(Beginning of Data section)

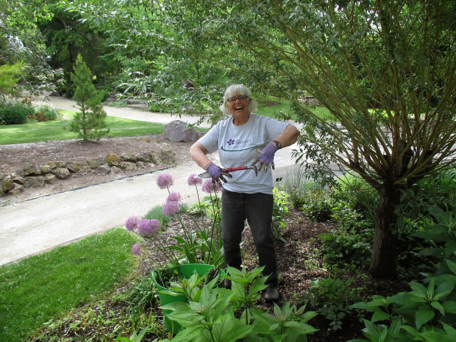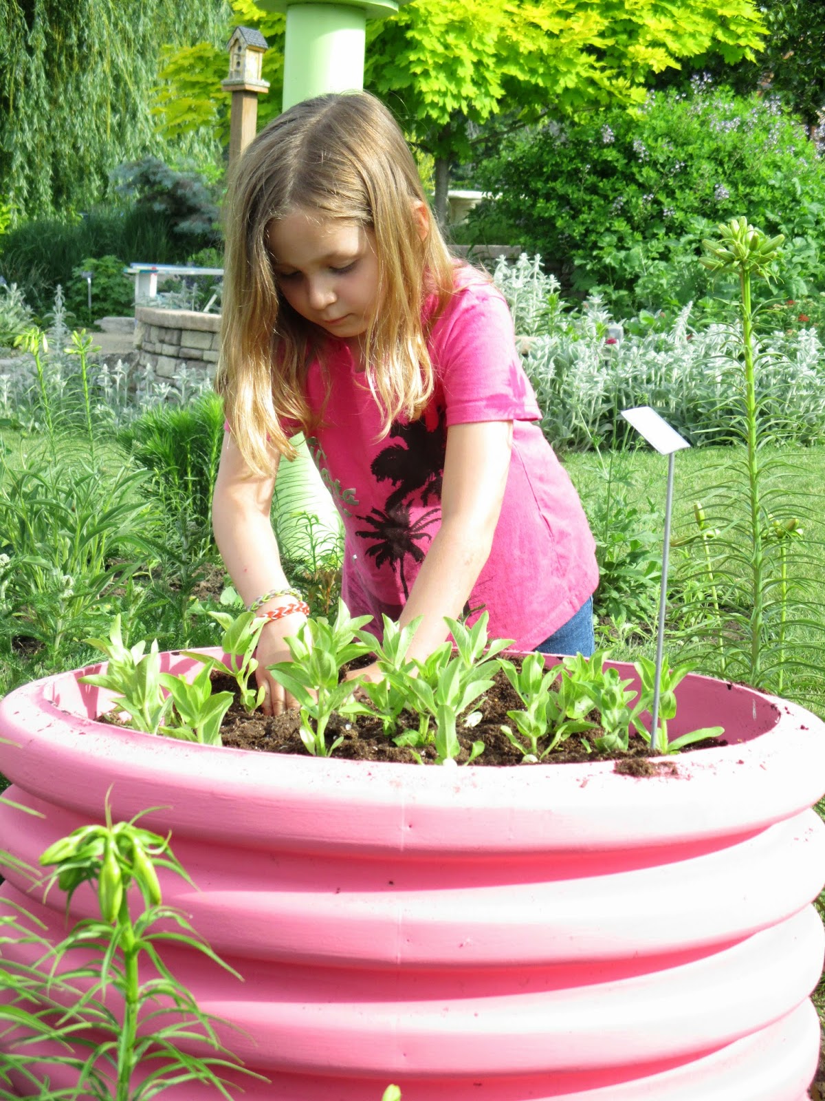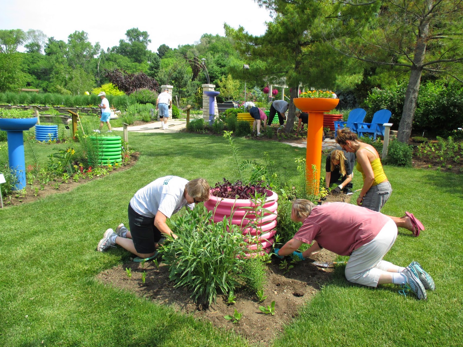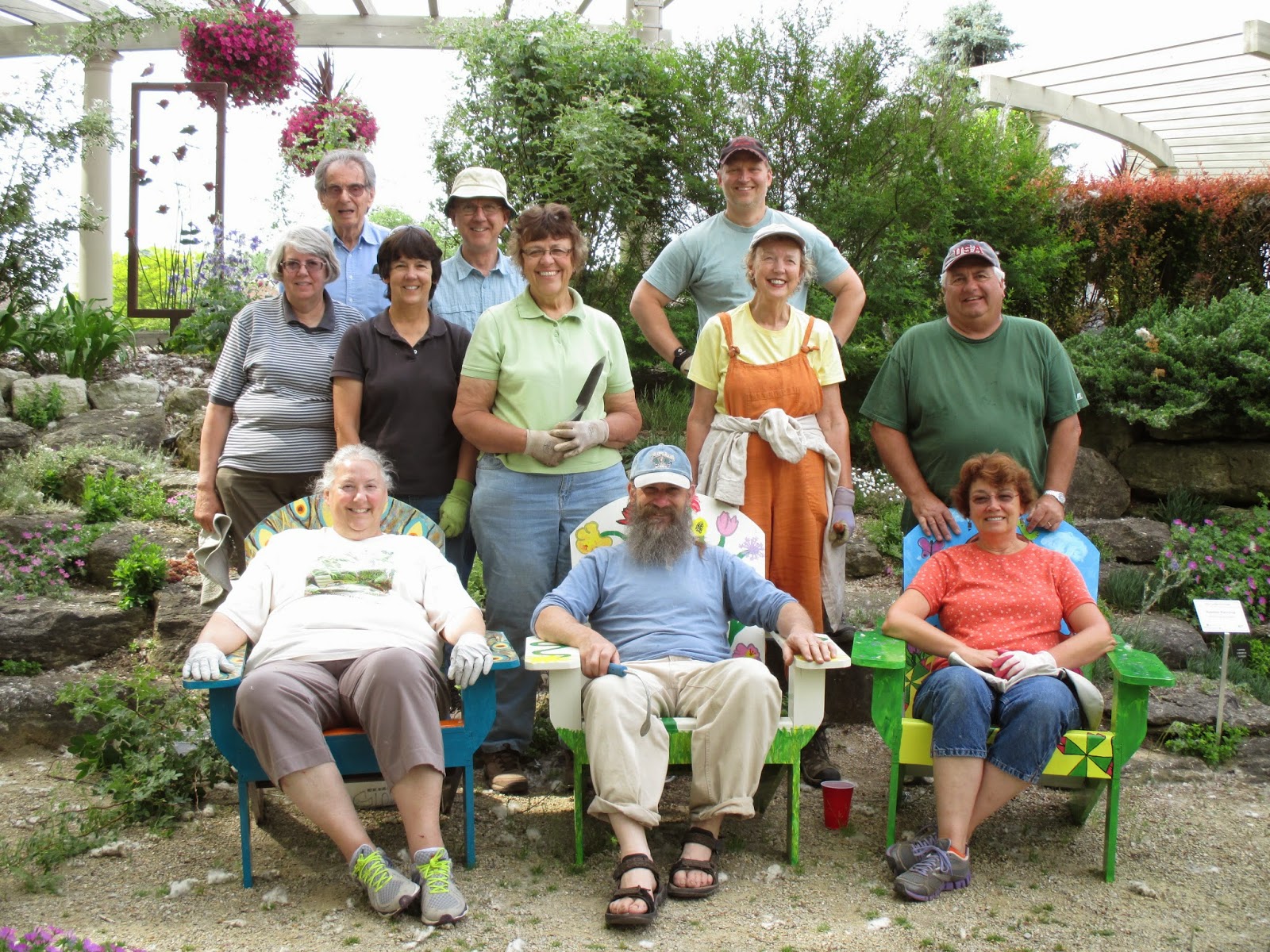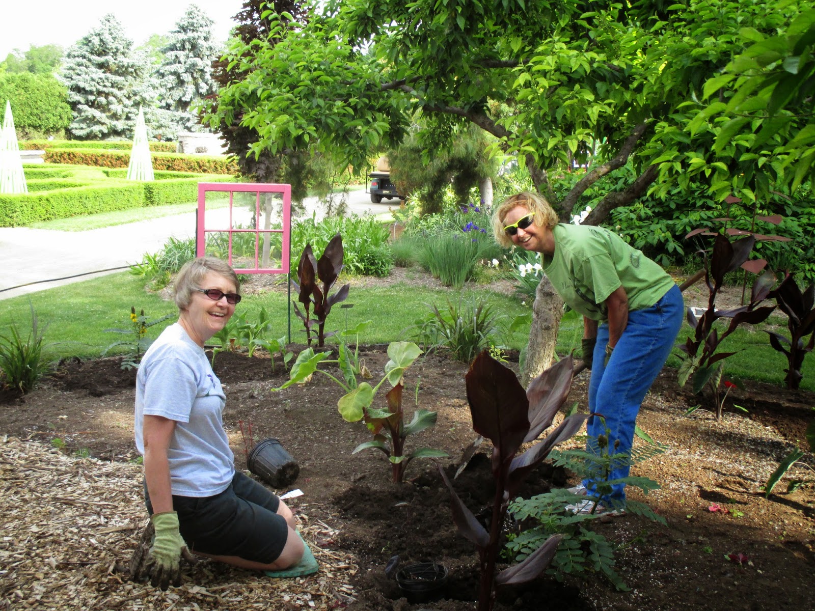 The weather was perfect for our fifth sequential Volunteer Work Day today with lots of help throughout the gardens. We planted the "Pollinator's Paradise" theme with our All-America Selections (AAS) winners in the Nancy Yahr Memorial Children's Garden this morning. We also had a crew plant over 300 larger tropicals in our Jungle Garden theme as well. Some assigned gardeners (Sue, Kelley, Marleen, Mirjam and Marcia) were also in to plant their areas and we had help on the vegetable beds at the Horticulture Center. We had 27 volunteers helping directly with the planting project, 5 assigned gardeners planting this morning, 3 volunteers at the Horticulture Center and also the help from Bill O., Dr. Gredler, Maury and many others. We actually were able to plant some of the pink theme in front of the Parker Education Center which was our back-up project after the other two planting projects were completed and watered well. As I type this evening, some nice rains will soak down the gardens and I'll sleep better tonight knowing that Mother Nature has come through for us! Larry, Janice and Big John were awesome help today as usual and I'm proud of how smooth our team works together when keeping this many volunteers organized, occupied and focused. We also had members of the WI/IL Chapter of the North American Rock Garden Society (NARGS) weeding in the alpine garden (see bottom photo) so our total volunteer count today was well over forty! We're so thankful for the team effort and will continue to work our gardening "kung fu" over the coming week with daily weeding, planting and another productive Volunteer Work Day on June 14th!
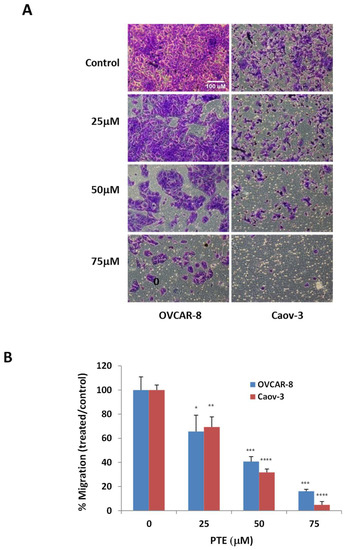Cell migration was assayed using 24 mm diameter chambers with 8 μm pore filters (BD BioCoat 24-well plate 8.0 micron, BS Biosciences, Franklin Lakes, NJ, USA). Cells were grown in serum-free medium overnight. Cells were trypsinized and resuspended in serum-free medium, and then 200 μL of cell suspension (7.0 × 104 cells) plus pterostilbene (25–100 μm) was added to the upper chambers. The lower chambers were filled with 800 μL of 10% FBS medium and incubated for 2 days for OVCAR-8 cells and Caov-3 cells. The filters were then fixed with 4% PFA for 10 min, washed with PBS 2x and stained with 0.2% crystal violet for 10 min. The upper surfaces of the filters were wiped with Kimwipes® to remove non-migrated cells. The migrated cells were counted using Image-Pro program (Media, Cybernetics, Warrendale, PA, USA).
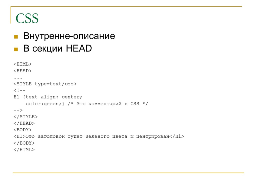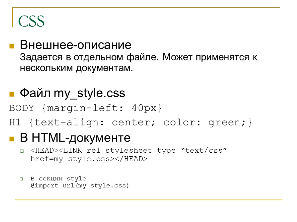 CSS Внешнее-описание Задается в отдельном файле. Может применятся к нескольким документам. Файл my_style.css BODY {margin-left: 40px} H1 {text-align: center; color: green;} В HTML-документе
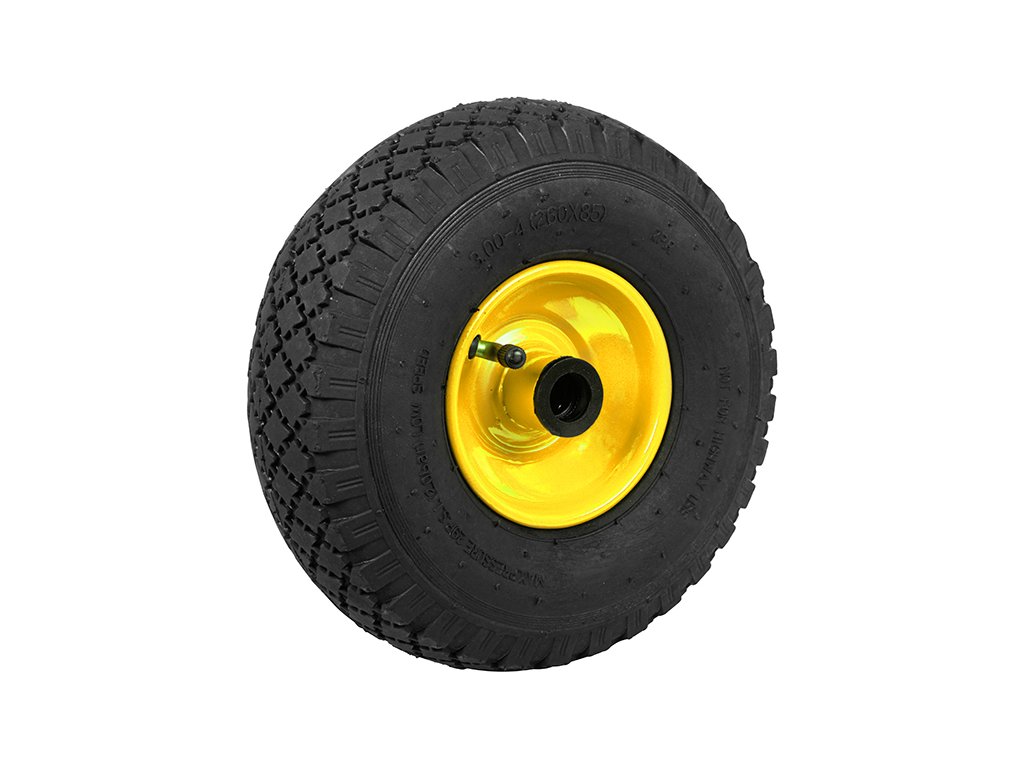 Kvalitetno kolo za kolica ili vozik s dvostrukom konstrukcijom koja omogućuje opterećenje do 200 kg. Odlično će odgovarati za jednostavne vrtne poslove i građevinske radove na teškom terenu. Metalni rub povećava čvrstoću i stabilnost kotača. Kotač se lako montira zahvaljujući kompletnom kompletu koji se sastoji od felge, gume i zračnice. Osim toga, opremljeni su autoventilom koji znatno olakšava pumpanje.

(End of Data section)

Problem description: The reply should contain every line of the material exactly, and no images.

Exercise output:
 The weather was perfect for our fifth sequential Volunteer Work Day today with lots of help throughout the gardens. We planted the "Pollinator's Paradise" theme with our All-America Selections (AAS) winners in the Nancy Yahr Memorial Children's Garden this morning. We also had a crew plant over 300 larger tropicals in our Jungle Garden theme as well. Some assigned gardeners (Sue, Kelley, Marleen, Mirjam and Marcia) were also in to plant their areas and we had help on the vegetable beds at the Horticulture Center. We had 27 volunteers helping directly with the planting project, 5 assigned gardeners planting this morning, 3 volunteers at the Horticulture Center and also the help from Bill O., Dr. Gredler, Maury and many others. We actually were able to plant some of the pink theme in front of the Parker Education Center which was our back-up project after the other two planting projects were completed and watered well. As I type this evening, some nice rains will soak down the gardens and I'll sleep better tonight knowing that Mother Nature has come through for us! Larry, Janice and Big John were awesome help today as usual and I'm proud of how smooth our team works together when keeping this many volunteers organized, occupied and focused. We also had members of the WI/IL Chapter of the North American Rock Garden Society (NARGS) weeding in the alpine garden (see bottom photo) so our total volunteer count today was well over forty! We're so thankful for the team effort and will continue to work our gardening "kung fu" over the coming week with daily weeding, planting and another productive Volunteer Work Day on June 14th!
Cell migration was assayed using 24 mm diameter chambers with 8 μm pore filters (BD BioCoat 24-well plate 8.0 micron, BS Biosciences, Franklin Lakes, NJ, USA). Cells were grown in serum-free medium overnight. Cells were trypsinized and resuspended in serum-free medium, and then 200 μL of cell suspension (7.0 × 104 cells) plus pterostilbene (25–100 μm) was added to the upper chambers. The lower chambers were filled with 800 μL of 10% FBS medium and incubated for 2 days for OVCAR-8 cells and Caov-3 cells. The filters were then fixed with 4% PFA for 10 min, washed with PBS 2x and stained with 0.2% crystal violet for 10 min. The upper surfaces of the filters were wiped with Kimwipes® to remove non-migrated cells. The migrated cells were counted using Image-Pro program (Media, Cybernetics, Warrendale, PA, USA).
 CSS Внешнее-описание Задается в отдельном файле. Может применятся к нескольким документам. Файл my_style.css BODY {margin-left: 40px} H1 {text-align: center; color: green;} В HTML-документе
 Kvalitetno kolo za kolica ili vozik s dvostrukom konstrukcijom koja omogućuje opterećenje do 200 kg. Odlično će odgovarati za jednostavne vrtne poslove i građevinske radove na teškom terenu. Metalni rub povećava čvrstoću i stabilnost kotača. Kotač se lako montira zahvaljujući kompletnom kompletu koji se sastoji od felge, gume i zračnice. Osim toga, opremljeni su autoventilom koji znatno olakšava pumpanje.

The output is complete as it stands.